Now Jonathan Chait provides a little evidence that it is not impossible that I will soon be singing the "Nunc Dimittis":
2012 or Never: Republicans are worried this election could be their last chance to stop history. This is fear talking. But not paranoia: f the various expressions of right-wing hysteria that have flowered over the past three years—goldbuggery, birtherism, death panels at home and imaginary apology tours by President Obama abroad—perhaps the strain that has taken deepest root within mainstream Republican circles is the terror that the achievements of the Obama administration may be irreversible…. “America is approaching a ‘tipping point’ beyond which the Nation will be unable to change course,” announces the dark, old-timey preamble to Paul Ryan’s “The Roadmap Plan,” a statement of fiscal principles that shaped the budget outline approved last spring by 98 percent of the House Republican caucus. Rick Santorum warns his audiences, “We are reaching a tipping point, folks, when those who pay are the minority and those who receive are the majority.” Even such a sober figure as Mitt Romney regularly says things like “We are only inches away from no longer being a free economy,” and that this election “could be our last chance.”
The Republican Party is in the grips of many fever dreams. But this is not one of them…. The modern GOP—the party of Nixon, Reagan, and both Bushes—is staring down its own demographic extinction…. [T]his impending doom has colored the party’s frantic, fearful response to the Obama presidency. The GOP has reason to be scared. Obama’s election was the vindication of a prediction made several years before by journalist John Judis and political scientist Ruy Teixeira in their 2002 book, The Emerging Democratic Majority…. The Republican Party had increasingly found itself confined to white voters, especially those lacking a college degree and rural whites who, as Obama awkwardly put it in 2008, tend to “cling to guns or religion.”… Judis and Teixeira noted the electorate was growing both somewhat better educated and dramatically less white, making every successive election less favorable for the GOP. And the trends were even more striking in some key swing states….
Obama’s victory carried out the blueprint. Campaign reporters cast the election as a triumph of Obama’s inspirational message and cutting-edge organization, but above all his sweeping win reflected simple demography. Every year, the nonwhite proportion of the electorate grows by about half a percentage point—meaning that in every presidential election, the minority share of the vote increases by 2 percent…. [I]f college-educated whites, working-class whites, and minorities had cast the same proportion of the votes in 1988 as they did in 2008, Michael Dukakis would have, just barely, won….

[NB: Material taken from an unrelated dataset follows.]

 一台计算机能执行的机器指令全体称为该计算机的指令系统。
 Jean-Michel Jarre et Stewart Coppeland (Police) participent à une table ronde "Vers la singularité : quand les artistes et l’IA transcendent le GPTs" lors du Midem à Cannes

Now, there are two points to keep in mind about the emerging Democratic majority. The first is that no coalition is permanent….

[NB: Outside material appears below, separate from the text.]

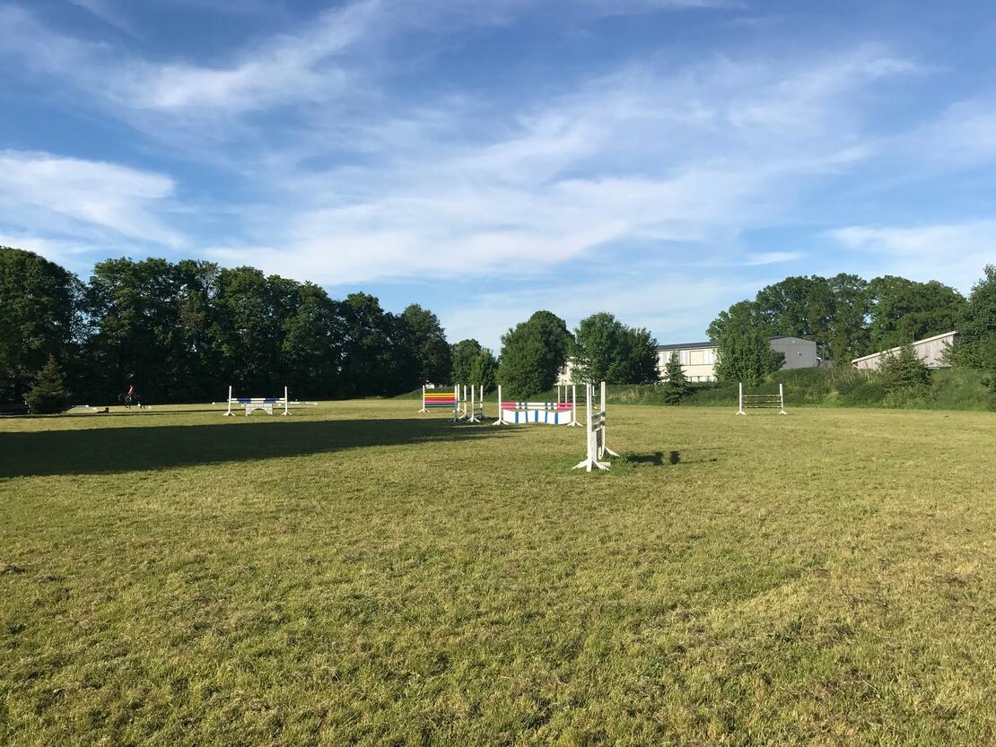• große gepflegte Reitwiese mit Parcours und Naturhindernissen

[T]he dominant fact of the new Democratic majority is that it has begun to overturn the racial dynamics that have governed American politics for five decades. Whatever its abstract intellectual roots, conservatism has since at least the sixties drawn its political strength by appealing to heartland identity politics…. What social scientists delicately call “ethnocentrism” and “racial resentment” and “ingroup solidarity” are defining attributes of conservative voting behavior, and help organize a familiar if not necessarily rational coalition of ideological interests. Doctrines like neoconservative foreign policy, supply-side economics, and climate skepticism may bear little connection to each other at the level of abstract thought. But boiled down to political sound bites and served up to the voters, they blend into an indistinguishable stew of racial, religious, cultural, and nationalistic identity.
Obama’s election dramatized the degree to which this long-standing political dynamic had been flipped on its head. In the aftermath of George McGovern’s 1972 defeat, neoconservative intellectual Jeane Kirkpatrick disdainfully identified his voters as “intellectuals enamored with righteousness and possibility, college students, for whom perfectionism is an occupational hazard; portions of the upper classes freed from concern with economic self-interest,” and so on, curiously neglecting to include racial minorities. All of them were, in essence, people who heard a term like “real American” and understood that in some way it did not apply to them. Today, cosmopolitan liberals may still feel like an embattled sect—they certainly describe their political fights in those terms—but time has transformed their rump minority into a collective majority….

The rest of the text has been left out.